**AIM OF THE TASK**. Repeat the lines from the one containing "An elegant black" through the end of the listing exactly, both ends included. Do not carry over any pictures.

**SUPPLIED RECORDS**.
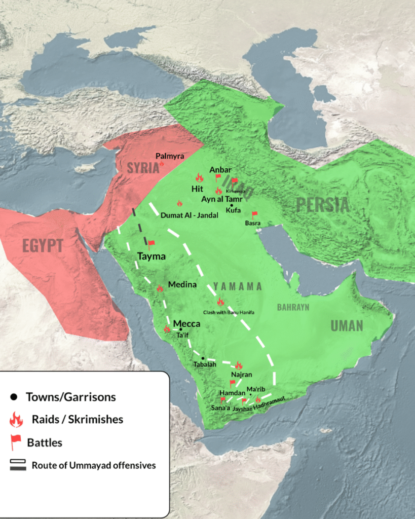 Busr entered Al-Yamama and decided to punish the chieftain of the Hanifa for his neutrality in the civil war, however spared his tribesmen but killed Mujja’a ibn Murara who was the chieftain and took captive his son who was later freed by Mu’awiya and made the chief of the Hanifa tribe.[49]
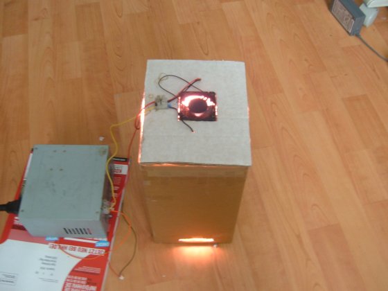 Oben die Lampe die die Warme Luft vom Kühlkörper ins Innere der Box blässt,so herrscht in der Box auch gleichzeitig eine für die Pflanze perfekte Temperatur und sie kreigt immer frische Luft.
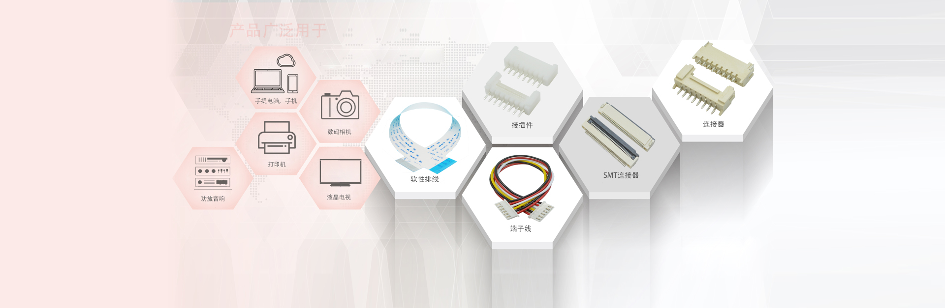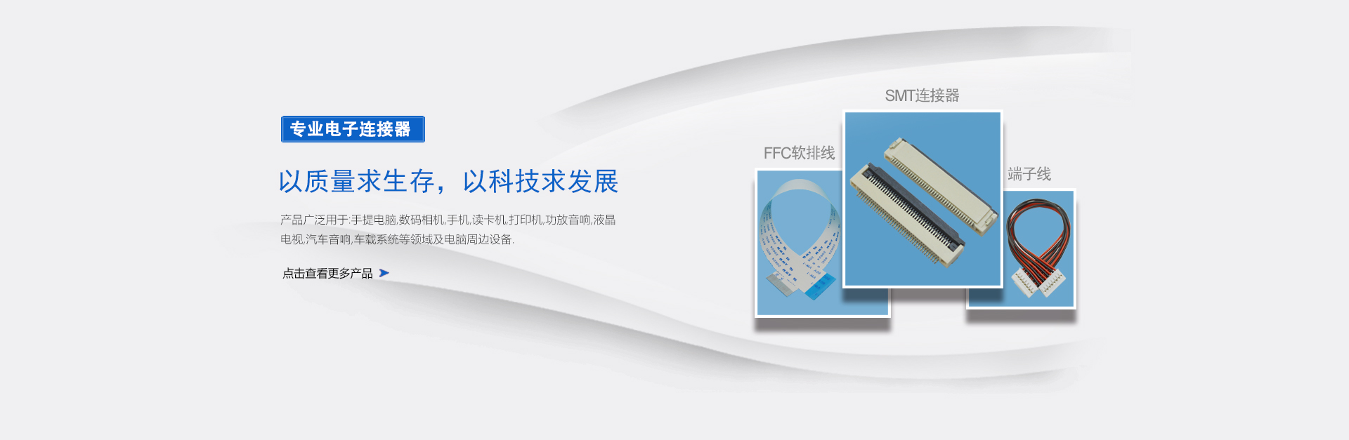 經營項目:FPC連接器、接插件、光纖連接器、FFC排線、端子線束等。間距有:0.3mm/0.5mm/0.8mm/1.0mm/1.25mm/1.5mm/2.0mm/2.54mm/3.96mm.......并可以為您開模定制各類精密連接器及配套線束.
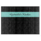 An elegant black on black leopard print cutting board with an aqua stripe. This preppy and chic animal pattern can be personalised by adding the name of a modern woman.
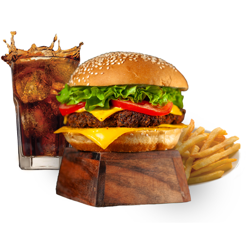 Sanduíche acompanhado com um Copo de Refrigerante e uma porção de Batata Frita.

**WORKED SOLUTION**.
 An elegant black on black leopard print cutting board with an aqua stripe. This preppy and chic animal pattern can be personalised by adding the name of a modern woman.
 Sanduíche acompanhado com um Copo de Refrigerante e uma porção de Batata Frita.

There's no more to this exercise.